Dataset excerpts.
# # #

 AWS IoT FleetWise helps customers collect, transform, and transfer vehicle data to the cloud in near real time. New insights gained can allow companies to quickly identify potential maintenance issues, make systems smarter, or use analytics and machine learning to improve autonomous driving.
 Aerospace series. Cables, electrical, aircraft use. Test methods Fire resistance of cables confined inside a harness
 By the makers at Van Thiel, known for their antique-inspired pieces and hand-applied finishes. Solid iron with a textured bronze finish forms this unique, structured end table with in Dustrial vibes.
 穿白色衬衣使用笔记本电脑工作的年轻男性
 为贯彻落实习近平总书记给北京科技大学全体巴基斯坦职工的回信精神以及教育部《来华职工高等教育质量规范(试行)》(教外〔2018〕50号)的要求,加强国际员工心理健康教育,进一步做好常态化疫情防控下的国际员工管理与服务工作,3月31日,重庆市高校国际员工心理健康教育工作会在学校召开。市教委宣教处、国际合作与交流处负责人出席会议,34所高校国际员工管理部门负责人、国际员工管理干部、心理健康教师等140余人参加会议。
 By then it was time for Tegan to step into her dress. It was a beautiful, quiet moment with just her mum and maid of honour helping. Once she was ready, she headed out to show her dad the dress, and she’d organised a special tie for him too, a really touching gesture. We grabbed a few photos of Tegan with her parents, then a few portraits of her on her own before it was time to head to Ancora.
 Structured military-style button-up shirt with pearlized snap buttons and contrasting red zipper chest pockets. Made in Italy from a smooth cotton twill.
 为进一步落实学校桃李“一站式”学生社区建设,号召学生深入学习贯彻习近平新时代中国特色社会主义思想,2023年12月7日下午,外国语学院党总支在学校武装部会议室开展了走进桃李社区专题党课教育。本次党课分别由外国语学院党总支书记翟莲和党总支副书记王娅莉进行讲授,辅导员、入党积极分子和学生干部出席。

# # #

Work order. The response must consist of all the data, reproduced without alteration.

Response to this exercise.
 AWS IoT FleetWise helps customers collect, transform, and transfer vehicle data to the cloud in near real time. New insights gained can allow companies to quickly identify potential maintenance issues, make systems smarter, or use analytics and machine learning to improve autonomous driving.
 Aerospace series. Cables, electrical, aircraft use. Test methods Fire resistance of cables confined inside a harness
 By the makers at Van Thiel, known for their antique-inspired pieces and hand-applied finishes. Solid iron with a textured bronze finish forms this unique, structured end table with in Dustrial vibes.
 穿白色衬衣使用笔记本电脑工作的年轻男性
 为贯彻落实习近平总书记给北京科技大学全体巴基斯坦职工的回信精神以及教育部《来华职工高等教育质量规范(试行)》(教外〔2018〕50号)的要求,加强国际员工心理健康教育,进一步做好常态化疫情防控下的国际员工管理与服务工作,3月31日,重庆市高校国际员工心理健康教育工作会在学校召开。市教委宣教处、国际合作与交流处负责人出席会议,34所高校国际员工管理部门负责人、国际员工管理干部、心理健康教师等140余人参加会议。
 By then it was time for Tegan to step into her dress. It was a beautiful, quiet moment with just her mum and maid of honour helping. Once she was ready, she headed out to show her dad the dress, and she’d organised a special tie for him too, a really touching gesture. We grabbed a few photos of Tegan with her parents, then a few portraits of her on her own before it was time to head to Ancora.
 Structured military-style button-up shirt with pearlized snap buttons and contrasting red zipper chest pockets. Made in Italy from a smooth cotton twill.
 为进一步落实学校桃李“一站式”学生社区建设,号召学生深入学习贯彻习近平新时代中国特色社会主义思想,2023年12月7日下午,外国语学院党总支在学校武装部会议室开展了走进桃李社区专题党课教育。本次党课分别由外国语学院党总支书记翟莲和党总支副书记王娅莉进行讲授,辅导员、入党积极分子和学生干部出席。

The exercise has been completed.